Light olefins such as ethylene, propylene, etc. are the basic raw material for chemical industry. Conventionally, ethylene and propylene mainly come from steam cracking of hydrocarbon feedstock such as naphtha, light diesel oil, hydrogenation cracking tail oil and the like. Recently, as the price of crude oil has been dramatically rising up, the cost for producing ethylene and propylene from the above feedstock has been increasing. Also, in the conventional processes for producing ethylene and propylene, high temperature tubular furnace cracking technologies with a high energy consumption are generally used. All these factors urge the development of new olefin production technologies. Novel technical pathways of preparation of lower olefins from non-petroleum materials have caught much attention in the past years. Among those, the one, characterized in that coal or natural gas is transformed into methanol through syngas, and then methanol is transformed into lower olefins, has been of extensive interest. The process of selectively producing light olefins from methanol (or dimethyl ether generated from the dehydration of methanol) in the presence of molecular sieve catalysts is referred to as MTO process. The methods and technologies for transforming methanol into light olefins are closely correlated to the catalysts used therein. It is well known that two classes of catalysts are used in these processes. One class is the catalysts based on ZSM-5 molecular sieves with medium size micropores, characterized by higher yield of propylene and lower yield of ethylene in the distribution of the products, slightly lower total yield of ethylene and propylene, strong anti-coking ability of the catalysts and longer operating cycle. The reaction techniques suitable for the above class are usually fixed bed reaction techniques with periodical switches between reactions and regenerations. Another class of catalysts is based on the molecular sieves with smaller pore size, characterized by high total yield of ethylene and propylene as well as higher yield of ethylene in the product. Because this class of catalysts has a higher coking rate, the processes generally utilize fluidized bed techniques with continuous reaction-regeneration of the catalysts.

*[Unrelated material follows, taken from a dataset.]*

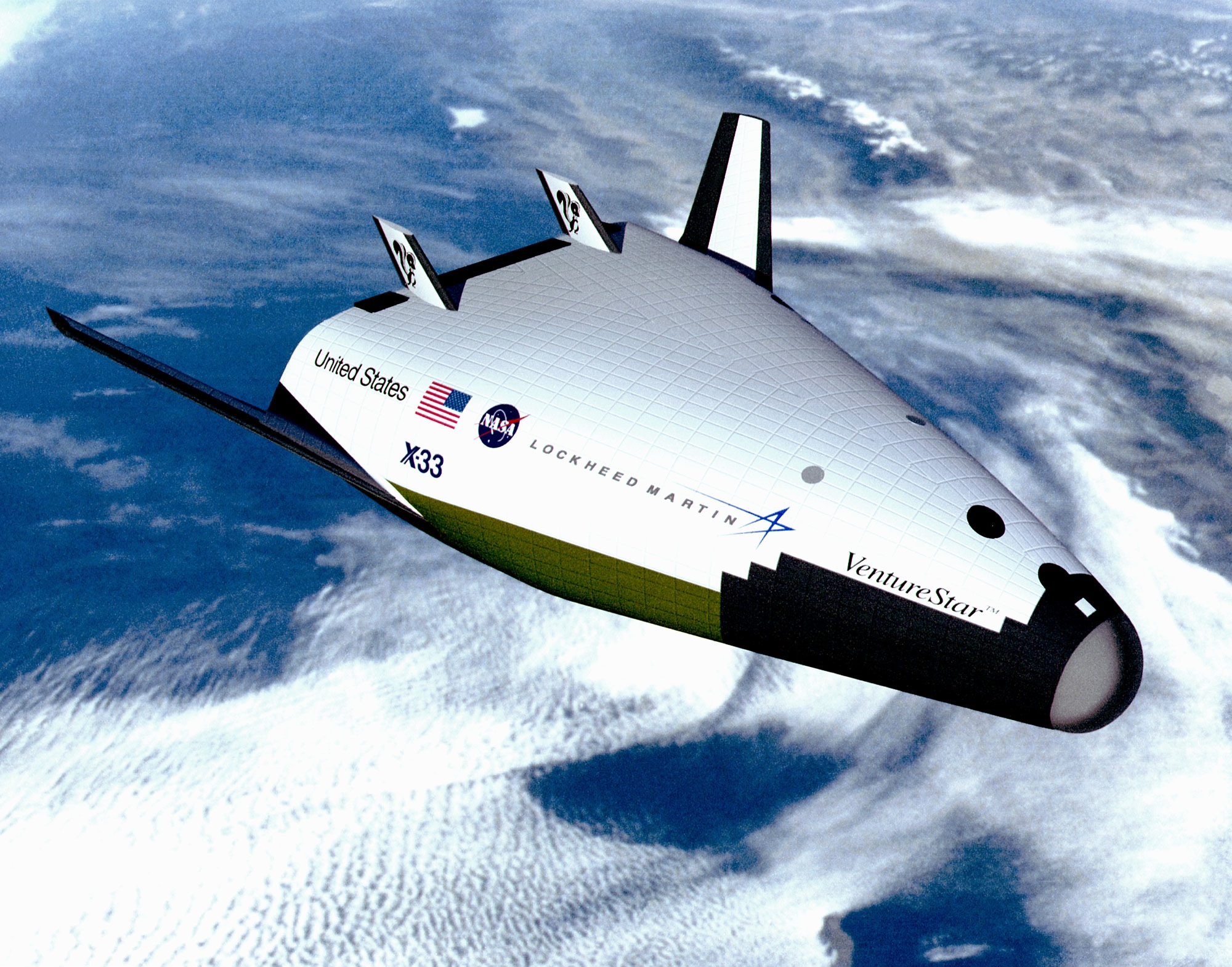 This is an artist's conception of the NASA/Lockheed Martin Single-Stage-To-Orbit (SSTO) Reusable Launch Vehicle (RLV) in orbit high above the Earth. The X-33 was intended to be a technology demonstrator vehicle for such a possible RLV. The RLV technology program was a cooperative agreement between NASA and industry. The goal of the RLV technology program was to enable significant reductions in the cost of access to space, and to promote the creation and delivery of new space services and other activities that would improve U.S. economic competitiveness.

U.S. Pat. No. 6,613,951 B1 and Chinese patent CN1352627A disclose methods for converting methanol or/and dimethyl ether into C2-C4 olefins, wherein the feed are contacted with a catalyst containing a 10-ring zeolite under 370-480° C. with a methanol partial pressure of 30-150 psia.

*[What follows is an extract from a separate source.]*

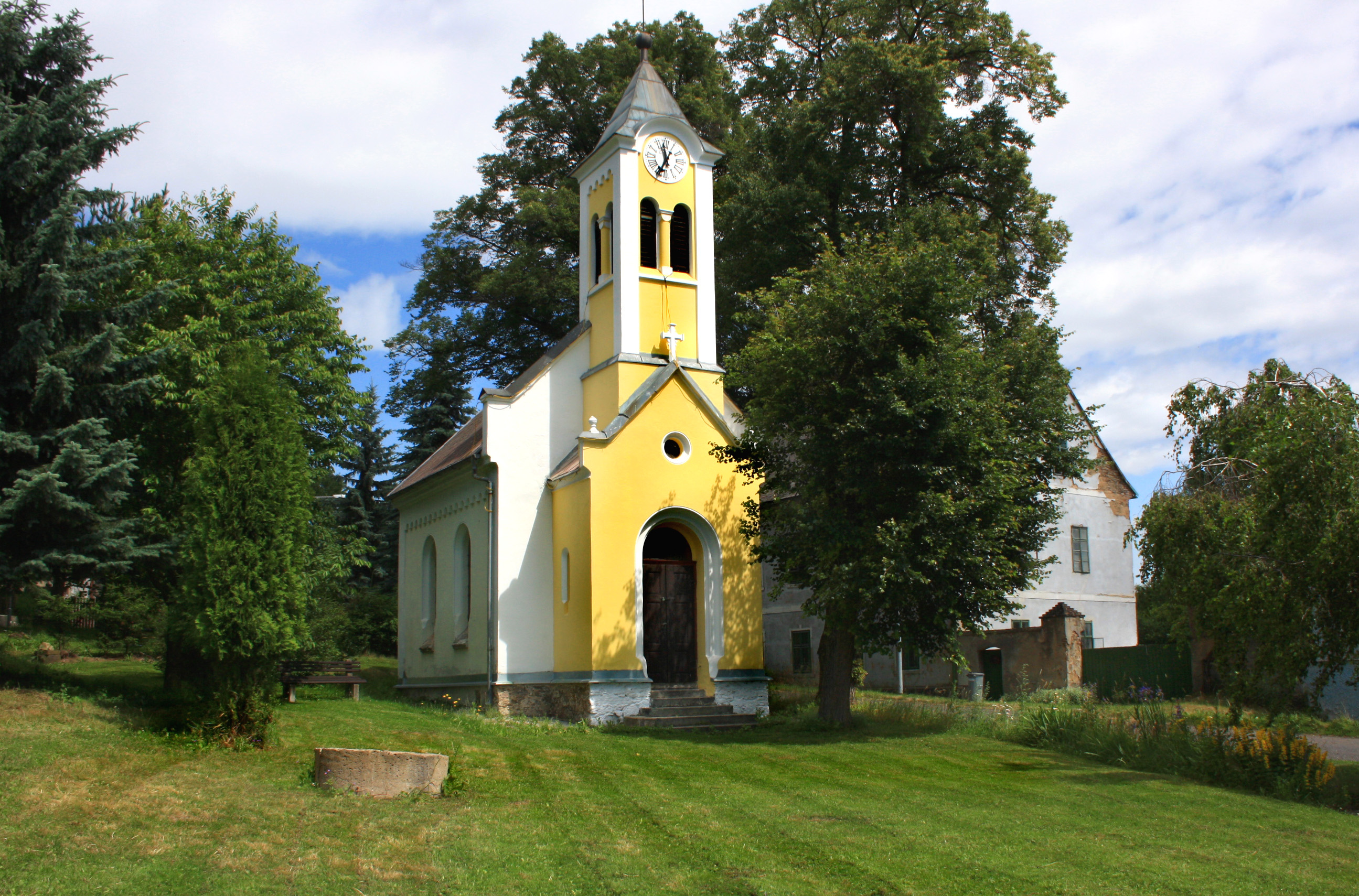 Small church in Jindřišská, part of Jirkov, Czech Republic

Chinese patent CN1302283A discloses a method for converting methanol or/and dimethyl ether into C2-C4 olefins and aromatics higher than C9, wherein a portion of the aromatics is returned back to the reactor and co-fed with methanol or dimethyl ether under 350-480° C. to increase the yield of olefins. U.S. Pat. No. 6,506,954 B1 discloses a method for converting methanol or/and dimethyl ether into C2-C4 olefins, wherein aromatic compounds are added to increase the yield of olefin. The catalysts used in the method are porous crystalline materials with a pore size larger than the dynamic diameter of aromatic compounds. Reactions are conducted at 350-480° C. The partial pressure for methanol is not lower than 10 psia. The 2,2-dimethyl butane diffusion coefficient of the catalysts is 0.1-20 sec−1 (120° C., 60 torr). U.S. Pat. No. 6,538,167 B1 discloses a similar method, suggesting that the reaction conditions shall ensure the alkylation of aromatic compounds.
U.S. Pat. No. 6,710,218 B1 discloses a method for converting methanol into lower olefins, utilizing SAPO-34 as the catalyst. A fluidized bed reactor-regenerator process is used. The selectivity of lower olefins is higher than 90 wt %, in which more than 80 wt % is ethylene and propylene. The ethylene/propylene ratio ranges from 0.69 to 1.36 by the modification of the reaction temperature and space velocity of feed.
U.S. Pat. Nos. 6,437,208 B1 and 6,740,790 B2 disclose a method for making olefins from oxygenate-containing feedstock by employing a fluidized bed reaction technique in the presence of a silicoalumophosphate molecular sieve catalyst. The conversion conditions include that the silicon/aluminum ratio in the catalyst is lower than 0.65; the average catalyst feedstock exposure index (ACFE) is at least 1; and the reaction temperature is 200-700° C., etc.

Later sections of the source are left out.